In production at Bluestar Global Management · Q1 2026 onward
A tool that turns WhaleWisdom 13F screenshots into a fully-formatted biotech hedge fund tracker, collapsing what was a multi-hour manual workflow into a single command. Twenty-six biotech-focused funds, automatically ingested, filtered, deduplicated, and cross-referenced for consensus signal — every quarter, in about an hour of wall-clock time.
Every quarter, biotech hedge funds file 13F disclosures revealing their long positions. Aggregating and analyzing these across a coverage universe is meaningful work — but the manual version of it is tedious, error-prone, and almost entirely transcription. The tool removes that layer.
Given a folder of screenshots from WhaleWisdom, it extracts every position, applies a configurable policy filter, handles edge cases (exited positions, sub-fund consolidation, pagination artifacts), and produces a polished Excel workbook with three tabs per fund plus a master list and a consensus view. A companion auditor verifies the output against the same source screenshots — a self-consistency check that currently passes for 26 of 26 funds on Q1 2026 data.

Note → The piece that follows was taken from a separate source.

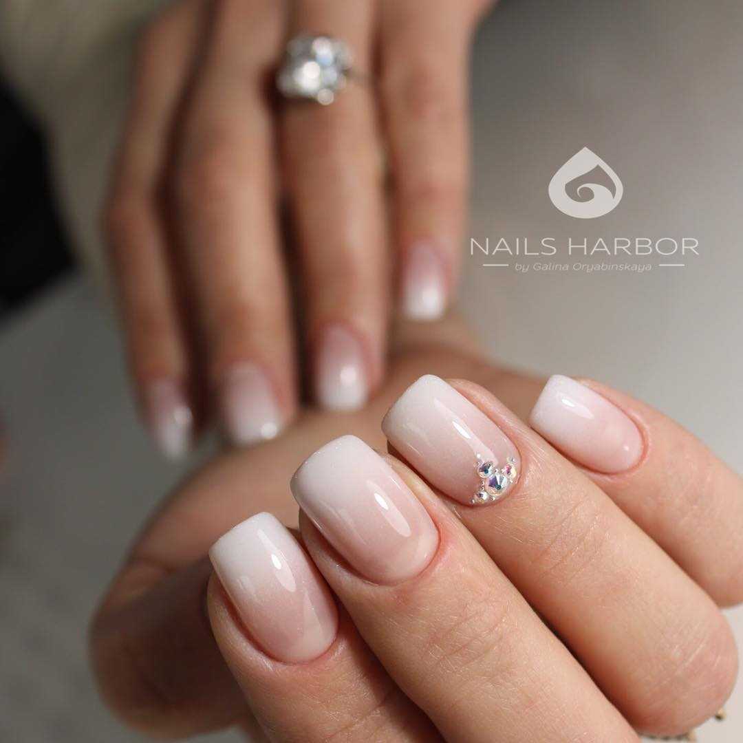 Во французском маникюре важно не переборщить с блестящим декором, ведь основной акцент сделан все же на плавных линиях по краю ногтя. Чтобы дизайн смотрелся еще элегантнее, выполните френч в градиентной технике

WhaleWisdom's interface resists clean scraping and changes layout frequently. Extracting from screenshots via Claude Sonnet 4.6 trades a few cents per page for resilience to UI changes — and unlocks structured extraction from a source no scraper would touch.
Every row passes through one filter that enforces three criteria: equity-only (no warrants, options, or convertible bonds), healthcare-only, and a magnitude threshold of |%Q1| > 0.5 or |change| > 0.25pp. Centralizing this logic in one module — rather than scattering it across extractor and writer — makes the rules auditable and policy changes one-line edits.
Some funds file under multiple legal sub-entities (Foresite Capital Management III, IV, V, VI). The default deduplication strategy keeps the row with the largest position; for known sub-fund cases it sums shares and market values, recomputes percentages from combined values, and takes the maximum prior weight across entities. The strategy is configurable per fund.
When a fund fully exits a position, WhaleWisdom shows blank cells rather than zeros — and the extractor was initially misreading these. A dedicated post-processing rule now detects exited rows (zero shares, zero market value) and labels them explicitly, preserving the signal value of a high-conviction position closed in the most recent quarter.
Extracted rows are cached as JSON files keyed by the MD5 of the source screenshot. Re-runs on unchanged data are free; only modified screenshots trigger fresh API calls. The cache is shared between the generator and the auditor.
The auditor is a separate tool that reads any generated workbook and re-extracts the source screenshots, comparing field-by-field. When the generator and auditor agree, the pipeline is internally consistent. This isn't a substitute for a domain-expert review, but it catches the entire class of silent transcription errors that would otherwise require manual spot-checks.
Each quarter, the deliverable is a single Excel workbook with three sheet types: a master list of all positions across the coverage universe, a consensus tab with cross-fund aggregates (number of funds holding, average weight, signal counts), and one tab per fund. Every tab shares a common ten-column layout, with formulas for quarter-over-quarter change, action labeling (New / Added / Trimmed / Exited / No change), and threshold flagging.
Charts and analysis derived from a recent run are published in the Q1 2026 Biotech Positioning Brief.
Python, Claude Code, Anthropic API (Sonnet 4.6 for vision), openpyxl for Excel writing. Source remains internal to Bluestar; this page describes architecture and decisions, not implementation.